* TASK STATEMENT *
Only one stretch of the material below is wanted: everything from the line containing "修丽可五酸果酸精华30ml护" down to the line containing "Пинап монтаж электрики;", both ends included. Repeat it exactly and skip the pictures.

* EXERCISE DATA *
--------------------

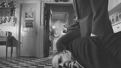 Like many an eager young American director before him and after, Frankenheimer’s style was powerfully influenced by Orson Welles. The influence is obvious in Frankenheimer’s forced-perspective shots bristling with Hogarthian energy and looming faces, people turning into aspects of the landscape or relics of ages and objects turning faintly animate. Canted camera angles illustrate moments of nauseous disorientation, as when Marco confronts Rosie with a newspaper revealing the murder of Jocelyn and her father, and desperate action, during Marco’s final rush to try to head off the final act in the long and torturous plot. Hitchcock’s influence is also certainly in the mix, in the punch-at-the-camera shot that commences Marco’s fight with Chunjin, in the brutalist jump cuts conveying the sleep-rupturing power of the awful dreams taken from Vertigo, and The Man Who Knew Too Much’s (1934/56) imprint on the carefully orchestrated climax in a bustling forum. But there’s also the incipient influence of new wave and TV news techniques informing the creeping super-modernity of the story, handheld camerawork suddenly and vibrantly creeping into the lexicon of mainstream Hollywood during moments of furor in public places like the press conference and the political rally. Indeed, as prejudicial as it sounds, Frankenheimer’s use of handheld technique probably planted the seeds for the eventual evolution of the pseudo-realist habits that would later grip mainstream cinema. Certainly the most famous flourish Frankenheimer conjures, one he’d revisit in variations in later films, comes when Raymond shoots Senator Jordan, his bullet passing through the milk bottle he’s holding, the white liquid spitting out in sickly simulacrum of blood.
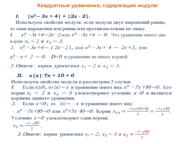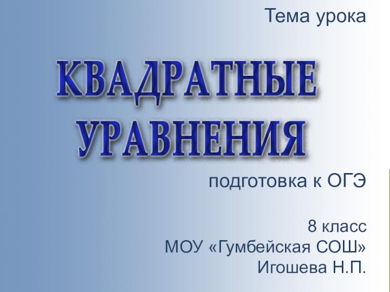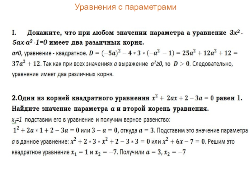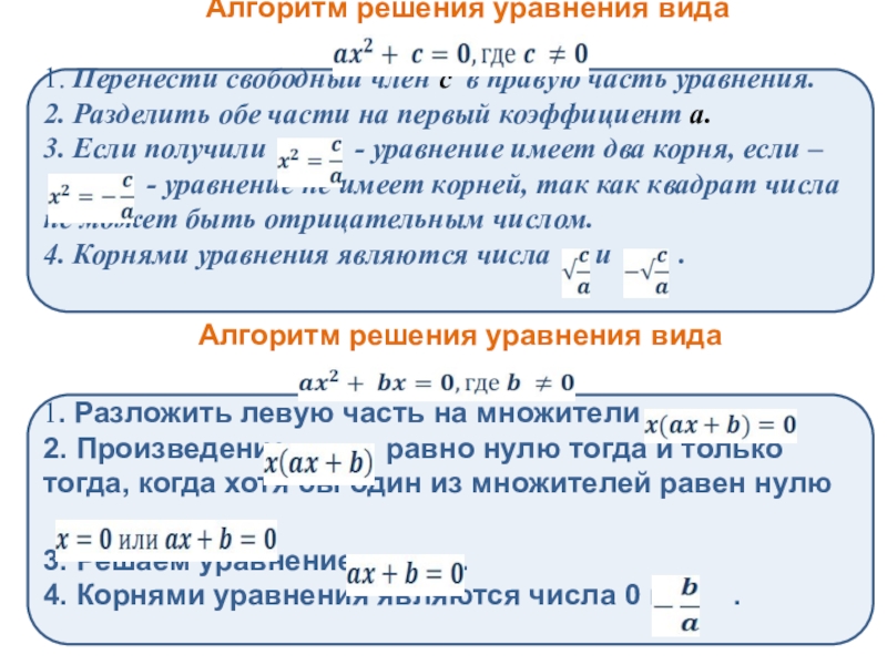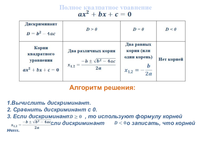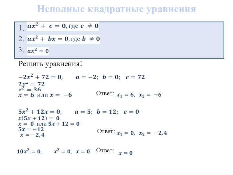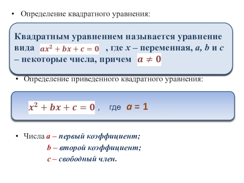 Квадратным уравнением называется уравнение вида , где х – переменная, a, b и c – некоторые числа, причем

--------------------

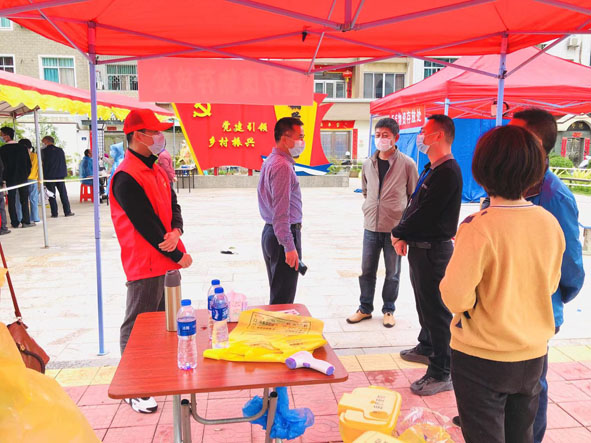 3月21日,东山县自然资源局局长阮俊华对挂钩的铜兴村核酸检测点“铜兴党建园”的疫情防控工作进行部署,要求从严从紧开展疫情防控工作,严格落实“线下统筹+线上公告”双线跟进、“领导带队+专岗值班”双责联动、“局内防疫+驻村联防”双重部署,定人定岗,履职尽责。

--------------------

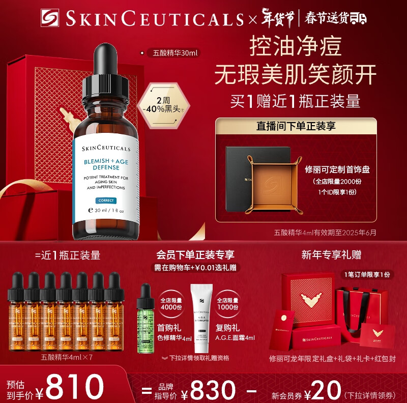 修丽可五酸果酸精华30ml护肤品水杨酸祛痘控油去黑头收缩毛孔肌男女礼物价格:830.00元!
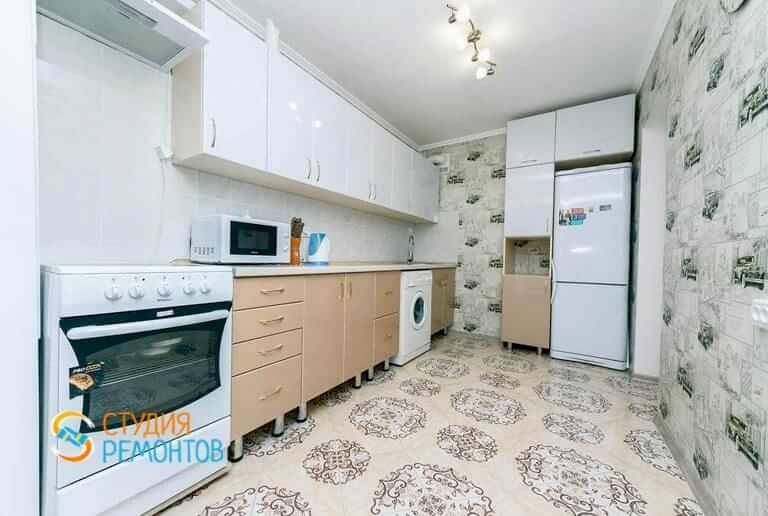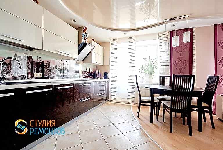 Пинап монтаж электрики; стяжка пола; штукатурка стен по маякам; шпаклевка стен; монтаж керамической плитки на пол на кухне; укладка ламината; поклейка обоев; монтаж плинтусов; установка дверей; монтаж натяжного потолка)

--------------------

* FINISHED TASK *
 修丽可五酸果酸精华30ml护肤品水杨酸祛痘控油去黑头收缩毛孔肌男女礼物价格:830.00元!
 Пинап монтаж электрики; стяжка пола; штукатурка стен по маякам; шпаклевка стен; монтаж керамической плитки на пол на кухне; укладка ламината; поклейка обоев; монтаж плинтусов; установка дверей; монтаж натяжного потолка)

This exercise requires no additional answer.